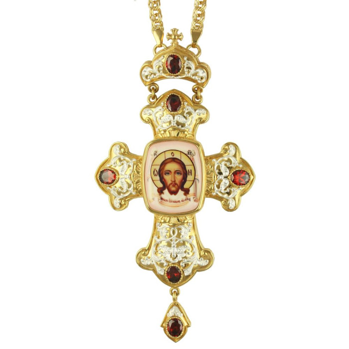 Kříž pro kněze mosaz ve zlacení s řetízkem - vyrobeno společností Agat Jewellery v souladu se všemi kánony pravoslavné církve.
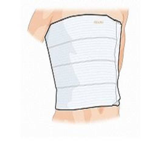 Contenzione antalgica. Costituita da fasce di tessuto elastico che permettono un’intensità di tensione adatta alla morfologia della cassa toracica. L’unione delle fasce è ottenuta per mezzo di cuciture che consentono la traspirazione della pelle. La parte interna è in tessuto morbido per un migliore comfort.
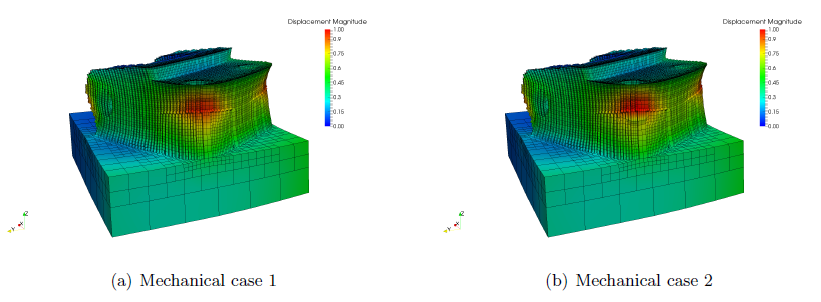 Figure 2 shows the results for cases 07_mechanical1 and 07_mechanical2 at the 3rd to last increment, while the part and supports are still attached to the build plate. The results have been warped by displacements that are magnified 5x to better show the effect of failed elements.

══════════

• **INSTRUCTIONS TO FOLLOW**: Omitting all pictures, restate exactly the lines of the material from its start through the line that contains "Contenzione antalgica. Costituita".

• **TASK RESPONSE**:
 Kříž pro kněze mosaz ve zlacení s řetízkem - vyrobeno společností Agat Jewellery v souladu se všemi kánony pravoslavné církve.
 Contenzione antalgica. Costituita da fasce di tessuto elastico che permettono un’intensità di tensione adatta alla morfologia della cassa toracica. L’unione delle fasce è ottenuta per mezzo di cuciture che consentono la traspirazione della pelle. La parte interna è in tessuto morbido per un migliore comfort.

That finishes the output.